This blog describes the approach adopted in AI4PublicPolicy for making queries to the database where the content of several Data Models is stored. This task determines the capability of the matchmaking solution to efficiently retrieve similar content, regardless of it being structured differently in each Data Model. This means, for instance, that it is expected that the algorithm can identify different units of temperature across several Data Models while being able to unify duplicate units despite their distinct symbols or representations.

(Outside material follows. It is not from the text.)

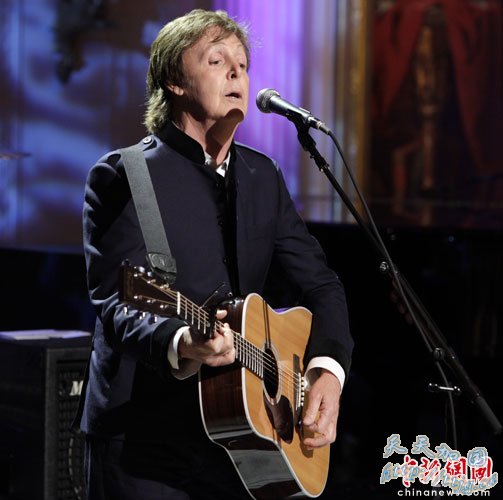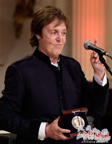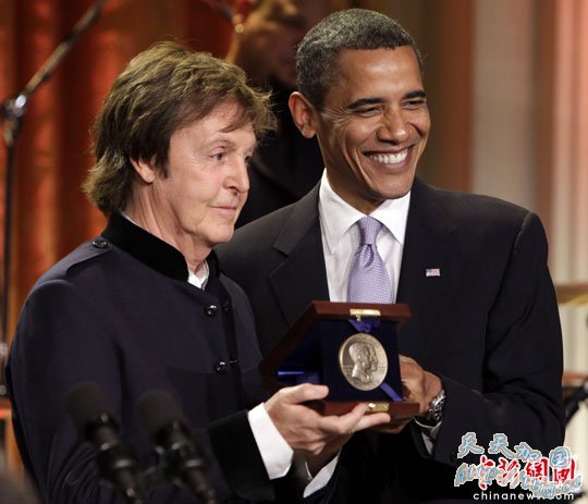 图为美国总统奥巴马为前披头士成员麦卡特尼颁奖。
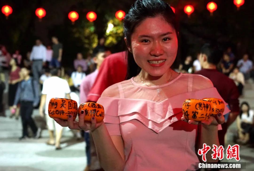 2019年2月,马来西亚雪兰莪八打灵再也举行元宵节“抛柑”活动。“抛柑”是马来西亚华人元宵节特有的民间习俗,传统为女性在柑橘上写下联系方式抛柑入水,男性打捞。图为马来西亚女生展示自己和朋友写在柑橘上的心愿。中新社记者 陈悦 摄

When it comes to search algorithms, vector search emerges as one of the most promising technologies due to four key reasons:
Semantic: Users increasingly expect search engines to deliver results according to the meaning of their input, rather than comparing the words or characters themselves. This stands as a great challenge because people often find different ways to ask for the same thing.
Input flexibility: It is sometimes preferable to provide input in alternative formats other than text (e.g., images or even speech).
Context and domain specificity: Users expect relevance to be tightly coupled with the subject at hand, or with the context where a context is issued.
Precise and unique: The search results should be as accurate as possible. The less time it takes to find what the user is looking for the better.
To achieve its results, vector search relies on vector similarity which essentially consists of encoding both the universe of results and the user input using the same Machine Learning model (usually a Deep Learning Neural Network) and then returning the results with the highest score (i.e., similarity), as represented in the following figure:
As shown in the figure, it is evident that a preparation stage is required before being able to make queries:
Firstly, it is essential to ensure that each piece of data contains the vectorial representation, also known as embedding, of the field(s) that will be used for searching purposes. For that, a Machine Learning model is required. It goes without saying that identifying the context of the data to be searched is essential, as it influences the choice of the model, the quality of the embeddings and, consequently, the accuracy of the results.
Once the model is selected, it is fed with the values of the fields we want to be searchable and returns a mathematical representation for each one, i.e., a dense vector. Depending on the model, the generated vectors can have different dimensions (i.e., positions). The higher the vector’s dimensionality, the more precise will be the results because there is more information to compare against. On the other hand, more dimensions require more computational resources and lead to increased processing time.
Finally, the data is inserted into the database along with the corresponding embeddings for the desired fields. After this setup, the infrastructure is ready to deliver meaningful results.
Similarly, when it comes to making queries, the search input provided by the user is run through the same Machine Learning model. As soon as the embedding of the search query is available, it is possible to compute the similarity with each of the embeddings stored in the database during the preparation stage. This calculation can be carried out through different mathematical formulas.
The described approach is expected to deliver accurate matches for the AI4PublicPolicy use case because, as it relies on vectorial representations of the data, so that the algorithm can find semantically equivalent sentences, i.e., similarities beyond the words themselves or the characters that form them.